At the showcase, Carrie and Seema are chatting when they see a man in a black suit pocket the jewelry on display. While they’re questioning the theft, Carrie yells that she has COVID, which clears the outside tents. Seema brandishes a handgun, which turns out to be a lighter. The jewelry is gone, and Lisette, played by Katerina Tannenbaum, is devastated. Carrie visits Lisette the next day with pastries as they mourn the loss. Mourning, even for material objects, helps Carrie prepare to narrate the chapter detailing her husband’s death in the recording studio. She celebrates with Seema, who has recovered her Birkin handbag stolen in the beginning of the episode, at a communal table with young men visiting from Australia. At the end of the episode, Carrie’s lie manifests into real COVID. 

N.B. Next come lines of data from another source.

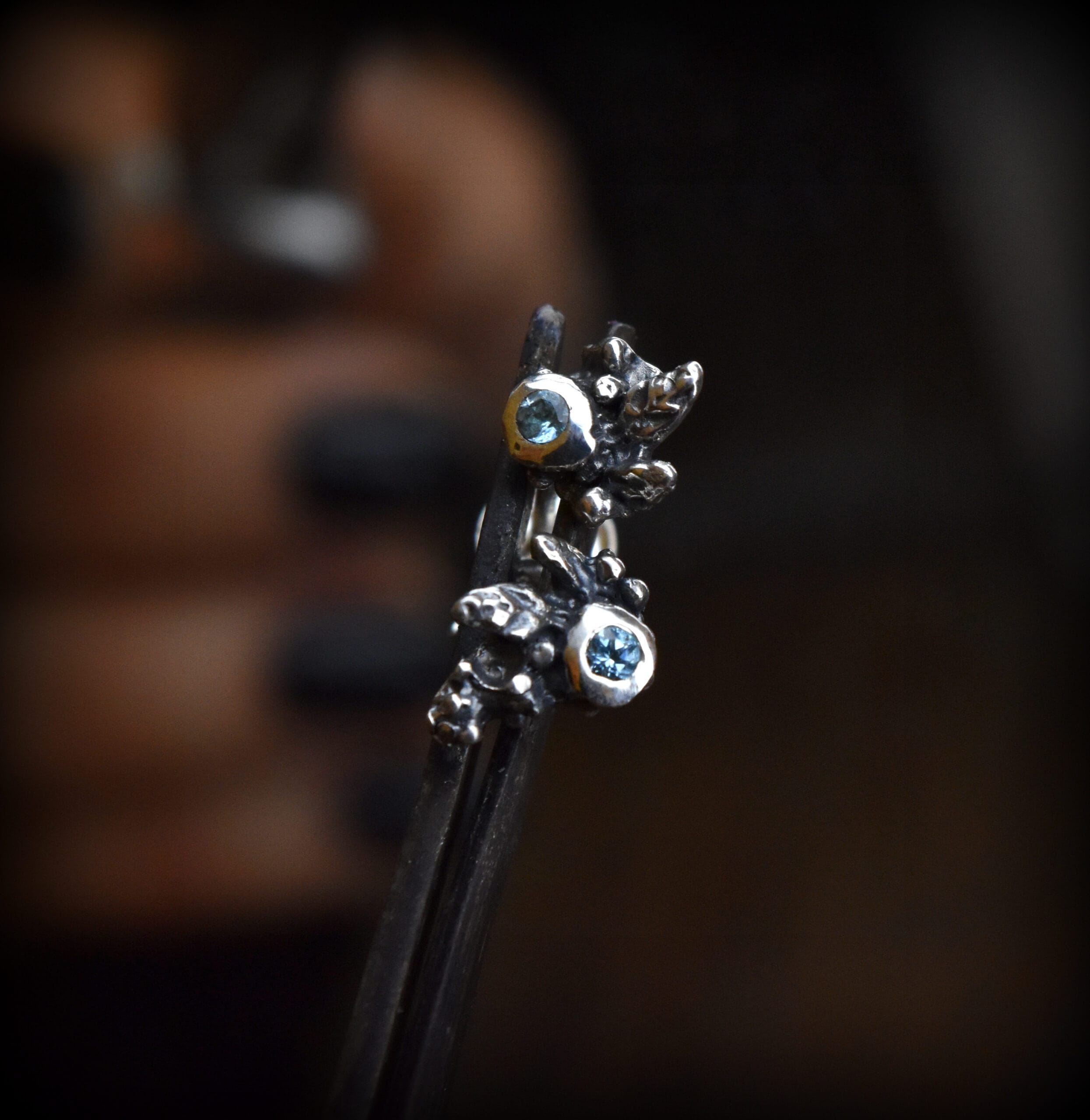 ⚜︎ Auskarai inkrustuoti topazo akmenimis.⚜︎ Tinkami nešioti kasdien, nedideli.⚜︎ Sidabras specialiai paveiktas, taip išgaunant tamsesnius sidabro atspalvius.⚜︎ Auskarai bei jų užsegimai sukurti iš 925 prabos sidabro, sveria 1,31 g.⚜ Prabuota Lietuvos prabavimo rūmuose.⚜ Papuošalas supakuotas dovanų maišelyje.
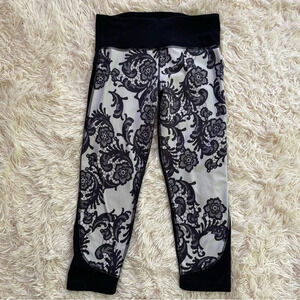 Lululemon Lustrous Crop leggings Laceoflage Polar Cream Black low rise size 6
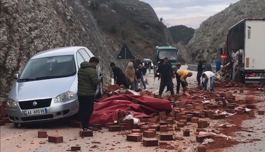 Tullat të cilat ishin ngarkuar në një kamion në lëvizje kanë rënë në rrugë duke penguar më pas dhe makinën që vinte në sensin e kundërt.
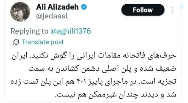 به حرف مقامات ایرانی گوش نکنید به جایش لاطائلات رنگین و بزک شده کارشناس مثلا سابق بی بی سی رو سردست بگیرید او دلسوز ایران و ایرانی است.مثلا زیرکانه پروژه را پیش میبرد... اعتماد به نمک پرورده های شغال پیرو نشاندن بر جایگاه جهت دهی افکار انقلابی ها...#نفوذ
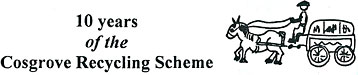 Today the Scheme thrives with immense support from the recyclers of the village of Cosgrove. During the life of the Scheme the village have recycled over 260 tonnes of materials. This can be looked upon as a very substantial reduction in the contents of the household refuse bin and is up there among the highest in the country; something that is indeed worthy of note.

Though the writing in the reboot fails to be as crisp as the writing in the original Sex and the City series based on Candace Bushnell’s 1996 book, emphasizing the hardship of narrating an audiobook about grief seems to be a realistic issue memoirists deal with.

Marketing maven Bozoma St. John, for example, went on tour earlier this year to discuss her grief memoir The Urgent Life: My Story of Love, Loss, and Survival. In the very first minutes on her audiobook, she narrates the day her husband died from a rare cancer thought to be treatable. Tembi Locke’s 2019 memoir From Scratch: A Memoir of Love, Sicily, and Finding Home came to life onscreen with a Netflix miniseries. She narrates the story of losing her husband to cancer elegantly for the audiobook edition. You can find the book review here.

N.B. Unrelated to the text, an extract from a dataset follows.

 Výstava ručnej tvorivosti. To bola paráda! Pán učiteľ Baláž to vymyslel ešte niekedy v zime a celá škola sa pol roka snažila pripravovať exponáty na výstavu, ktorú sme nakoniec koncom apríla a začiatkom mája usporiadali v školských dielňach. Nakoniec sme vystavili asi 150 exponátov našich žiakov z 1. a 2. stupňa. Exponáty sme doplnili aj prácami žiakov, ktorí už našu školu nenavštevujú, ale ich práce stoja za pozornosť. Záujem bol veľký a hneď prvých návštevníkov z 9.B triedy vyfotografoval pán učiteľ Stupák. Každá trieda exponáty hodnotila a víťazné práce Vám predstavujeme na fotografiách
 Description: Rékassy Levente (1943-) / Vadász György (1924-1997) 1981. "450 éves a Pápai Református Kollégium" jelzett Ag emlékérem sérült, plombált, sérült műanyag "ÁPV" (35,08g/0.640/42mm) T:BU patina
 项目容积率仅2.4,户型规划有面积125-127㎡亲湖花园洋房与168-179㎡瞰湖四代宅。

On the other hand, Sheryl Sandberg didn’t narrate the audiobook for Option B: Facing Adversity, Building Resilience, and Finding Joy, her 2017 memoir about losing her husband, SurveyMonkey CEO Dave Goldberg. She may have been worried about being overtaken with emotion, or the publisher decided her voice wasn’t the right fit, even when more memoirists are reading their life stories. Elisa Donovan of Clueless and Sabrina, the Teenage Witch fame stepped in to narrate the Option B audiobook. In fact, the actress narrated the 2021 audiobook for her own grief memoir about losing her father in Wake Me When You Leave: Love and Encouragement via Dreams from the Other Side

This a rare episode for Carrie where we see the process of her promoting her book. This is a newer process for some authors, especially for memoirists, with coming to terms to reading an audiobook, even when it draws up tough feelings. Audiobooks are more popular than ever, so publishers are banking on authors to vocalize their own stories of loss and healing.